[Stored items from a collection]
***
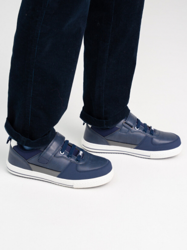Модные полуботинки для мальчика подростка. Верх обуви выполнен из комбинации искусственной кожи, обладающей высокими эксплуатационными свойствами, и дышащего текстиля. В носочной части обуви стоит текстильная подкладка c высоким содержанием хлопка 80%, которая обладает высокой гигроскопичностью. В пяточной части обуви текстильная подкладка обладает хорошей износостойкостью. Кожаная профилированная стелька с анатомической формой подсводника обеспечивает правильную нагрузку на стопу. Формоустойчивый задник поддерживает стопу в правильном положении. Две удобные застежки-липучки дают возможность регулировать обувь на любой подъем. Подошва не скользит и устойчива к истиранию. Кроссовки спортивные для мальчика школьника отлично подойдут как сменка в школу, на физкультуру, спортивную секцию и для прогулок: весна, лето, осень.
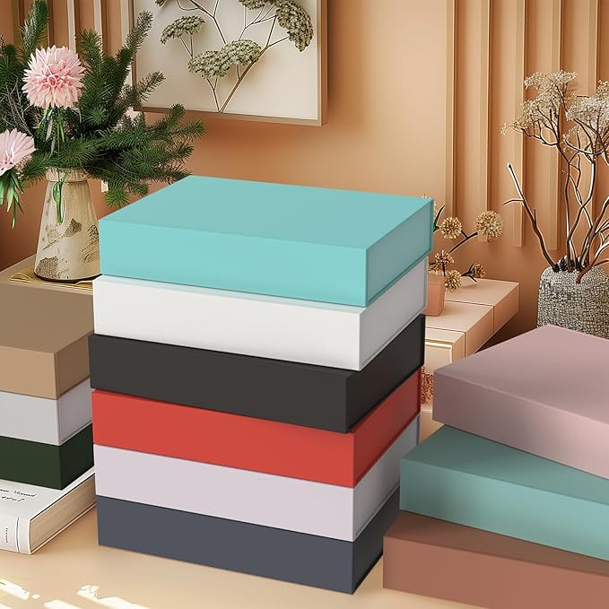 - SUITABLE SIZE: Measuring 11.5 x 8.2 x 2.3 Inches, our gift boxes with lids for presents is good for wrapping t-shirts, gloves, scarves, candies, baby clothes, jewelry, books, and more. It's the SUITABLE SIZE for bridesmaid gifts.
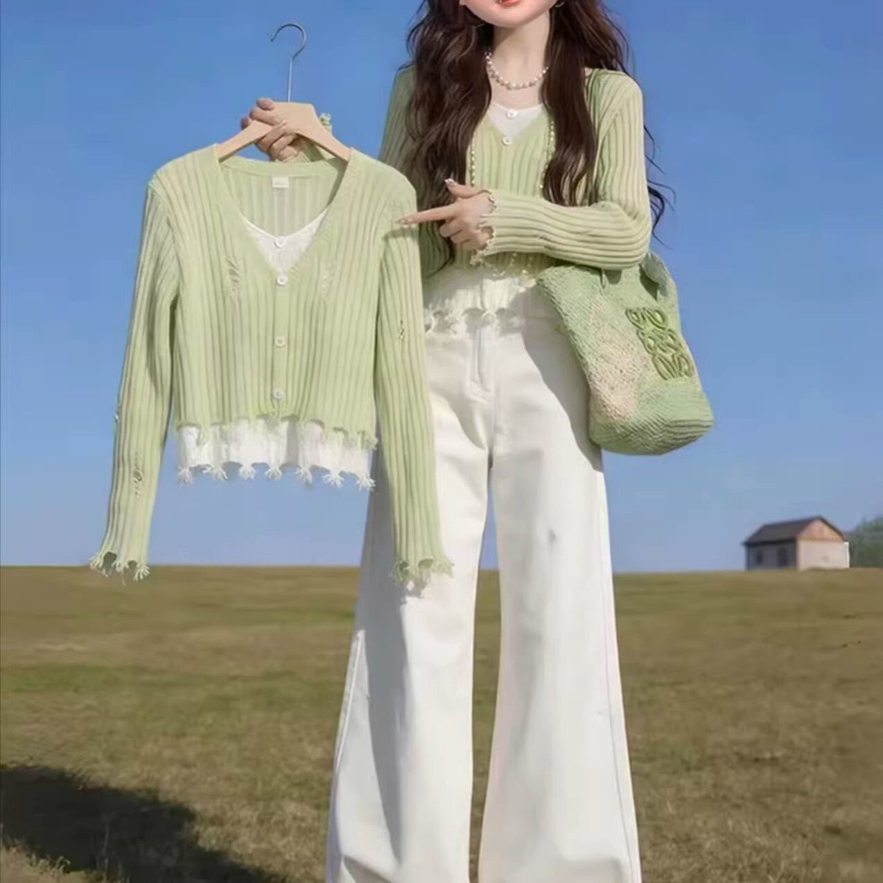 绿色假两件修身内搭打底针织衫女2026春季巨好看慵懒松弛绝美上衣
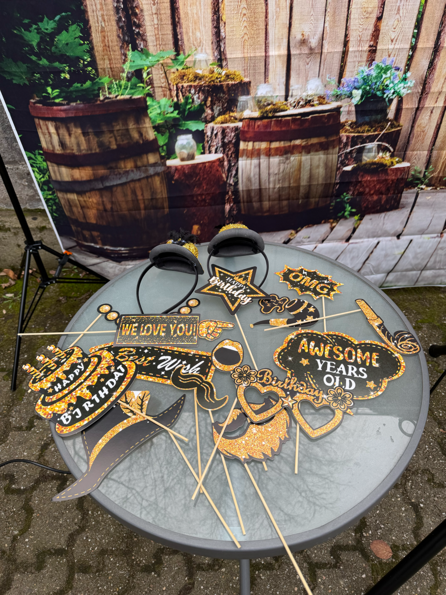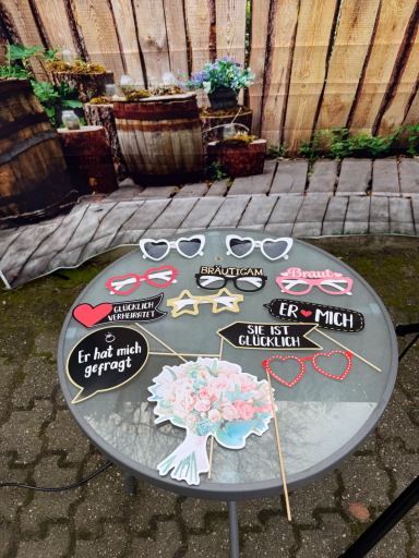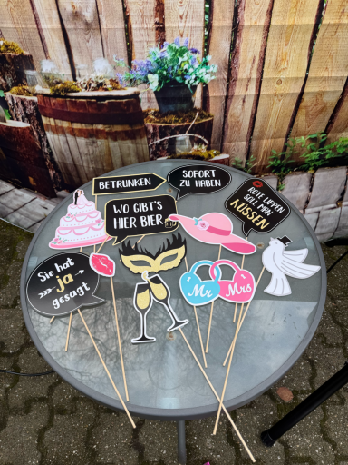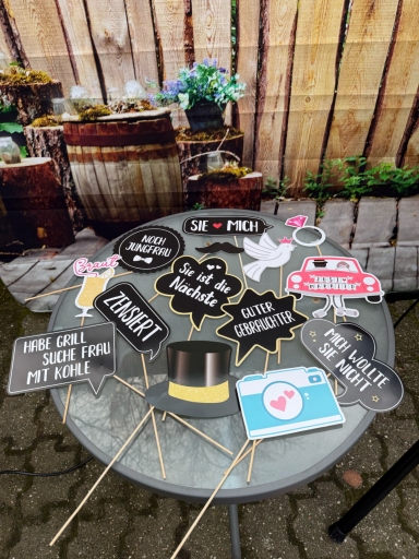 Hier könnt ihr aus einer Vielzahl an Requisiten die passenden Accessoires für euer Event auswählen. Ob lustig, elegant oder thematisch abgestimmt – bei uns findet ihr genau das Richtige, um eure Fotos noch kreativer und einzigartiger zu gestalten.
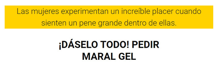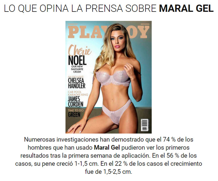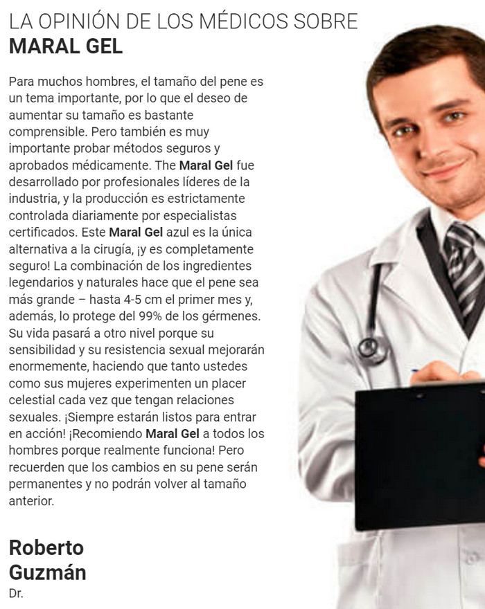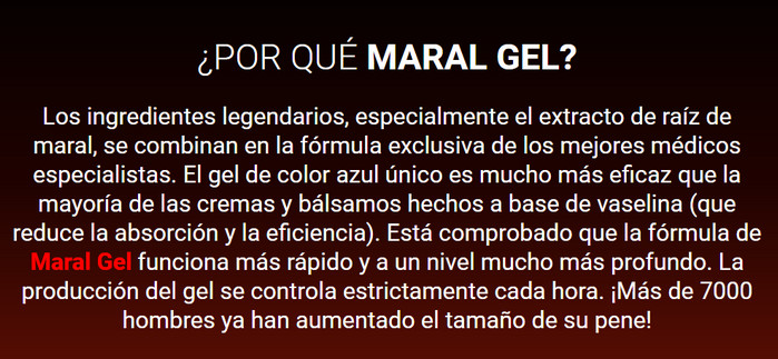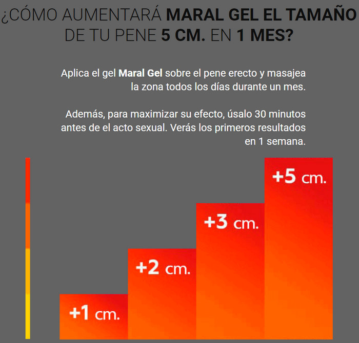 Maral Gel es un producto de gel a base de hierbas destinado a la aplicación externa antes de las relaciones sexuales. Gradualmente, en el proceso de pasar el curso de uso, el pene masculino aumenta de tamaño en varios centímetros, y su volumen también aumenta en paralelo.
***
WORK REQUIRED:
Copy the data exactly. Any picture it contains is to be omitted.

EXERCISE OUTPUT:
Модные полуботинки для мальчика подростка. Верх обуви выполнен из комбинации искусственной кожи, обладающей высокими эксплуатационными свойствами, и дышащего текстиля. В носочной части обуви стоит текстильная подкладка c высоким содержанием хлопка 80%, которая обладает высокой гигроскопичностью. В пяточной части обуви текстильная подкладка обладает хорошей износостойкостью. Кожаная профилированная стелька с анатомической формой подсводника обеспечивает правильную нагрузку на стопу. Формоустойчивый задник поддерживает стопу в правильном положении. Две удобные застежки-липучки дают возможность регулировать обувь на любой подъем. Подошва не скользит и устойчива к истиранию. Кроссовки спортивные для мальчика школьника отлично подойдут как сменка в школу, на физкультуру, спортивную секцию и для прогулок: весна, лето, осень.
 - SUITABLE SIZE: Measuring 11.5 x 8.2 x 2.3 Inches, our gift boxes with lids for presents is good for wrapping t-shirts, gloves, scarves, candies, baby clothes, jewelry, books, and more. It's the SUITABLE SIZE for bridesmaid gifts.
 绿色假两件修身内搭打底针织衫女2026春季巨好看慵懒松弛绝美上衣
 Hier könnt ihr aus einer Vielzahl an Requisiten die passenden Accessoires für euer Event auswählen. Ob lustig, elegant oder thematisch abgestimmt – bei uns findet ihr genau das Richtige, um eure Fotos noch kreativer und einzigartiger zu gestalten.
 Maral Gel es un producto de gel a base de hierbas destinado a la aplicación externa antes de las relaciones sexuales. Gradualmente, en el proceso de pasar el curso de uso, el pene masculino aumenta de tamaño en varios centímetros, y su volumen también aumenta en paralelo.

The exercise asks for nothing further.